First, the flat panel display spacer base material in accordance with an embodiment and a method of manufacturing the same will be explained. Employed as a flat panel display spacer base material in this embodiment is a composite ceramic sintered body containing Al₂O₃ (alumina), TiC (titanium carbide), and TiO₂ (titania) such that 6.5 to 10 wt % of TiC and 1.0 to 2.5 wt % of TiO₂ exist with respect to the total weight of Al₂O₃, TiC, and TiO₂.

Such a spacer base material is obtained by mixing powders of Al₂O₃, TiC, and TiO₂ such that 6.5 to 10 wt % of the TiC powder and 1.0 to 2.5 wt % of the TiO₂ powder exist with respect to the total weight of Al₂O₃, TiC, and TiO₂ powders; shaping the obtained mixture; firing the shaped body; and cooling the fired body.

The method of manufacturing the spacer base material in accordance with this embodiment will now be explained in detail. First, powders of Al₂O₃, TiC, and TiO₂ to become raw materials are prepared. Preferably, the Al₂O₃ powder in the raw materials is a fine powder and has an average particle size of 0.1 to 1 μm, 0.4 to 0.6 μm in particular. Preferably, the TiC powder is a fine powder and has an average particle size of 0.1 to 3 μm, 0.5 to 1.5 μm in particular. Preferably, the TiO₂ powder is a fine powder and has an average particle size of 0.1 to 3 μm, 0.5 to 1 μm in particular.

These powders are mixed such that 6.5 to 10 wt % of the TiC powder and 1.0 to 2.5 wt % of the TiO₂ powder are contained with respect to the total weight of Al₂O₃, TiC, and TiO₂ powders.

Preferably, the powders are mixed in a ball mill or attritor. For favorable mixing, a solvent other than water, such as ethanol, IPA, or 95% denatured ethanol, for example, is used. Preferably, they are mixed for about 10 to 100 hours. As mixing media in the ball mill or attritor, alumina balls and zirconia balls having a diameter on the order of 1 to 20 mm, for example, are preferably used.

Subsequently, thus mixed powders are granulated by spraying. Here, it will be sufficient if the mixed powders are spray-dried in a hot wind of an inert gas such as nitrogen or argon substantially free of oxygen at a temperature on the order of 60 to 200° C., whereby a granulated product of the mixed powders in the above-mentioned composition is obtained. The particle size of the granulated product is preferably on the order of 50 μm to 200 μm, for example.

Then, the liquid content of the granulated product is adjusted with a solvent or the like added as necessary, so that the solvent is contained in the granulated product by about 0.1 to 10 wt %.

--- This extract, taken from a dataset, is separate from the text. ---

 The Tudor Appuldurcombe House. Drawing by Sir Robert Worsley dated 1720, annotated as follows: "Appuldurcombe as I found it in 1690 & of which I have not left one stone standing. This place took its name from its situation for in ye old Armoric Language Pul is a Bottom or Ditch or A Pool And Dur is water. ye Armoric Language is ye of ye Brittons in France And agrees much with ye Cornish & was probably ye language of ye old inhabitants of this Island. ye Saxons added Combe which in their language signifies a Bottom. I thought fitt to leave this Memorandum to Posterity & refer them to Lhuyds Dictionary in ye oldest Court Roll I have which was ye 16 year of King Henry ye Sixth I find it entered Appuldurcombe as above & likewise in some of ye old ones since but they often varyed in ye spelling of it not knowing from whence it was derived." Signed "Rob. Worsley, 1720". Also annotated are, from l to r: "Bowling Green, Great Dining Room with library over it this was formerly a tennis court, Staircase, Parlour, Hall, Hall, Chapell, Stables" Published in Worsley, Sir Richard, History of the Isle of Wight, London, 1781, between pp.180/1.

Next, a mold is filled with the granulated product, and is subjected to primary molding by cold press, so as to yield a molded body. Here, for example, a mold made of a metal or carbon having an inner diameter of 150 mm for forming a disk is filled with the granulated product and is cold-pressed at a pressure on the order of 5 to 15 MPa (50 to 150 kgf/cm²).

Subsequently, the primarily molded article is hot-pressed, so as to yield a sintered body. Preferably, the sintering temperature is 1200 to 1700° C., the pressure is 10 to 50 MPa (100 to 500 MPa), and the atmosphere is vacuum, nitrogen, or argon, for example. Here, the nonoxidizing atmosphere is employed in order to prevent TiC from being oxidized. Preferably, a mold made of carbon is used. The sintering time is preferably on the order of 1 to 3 hours.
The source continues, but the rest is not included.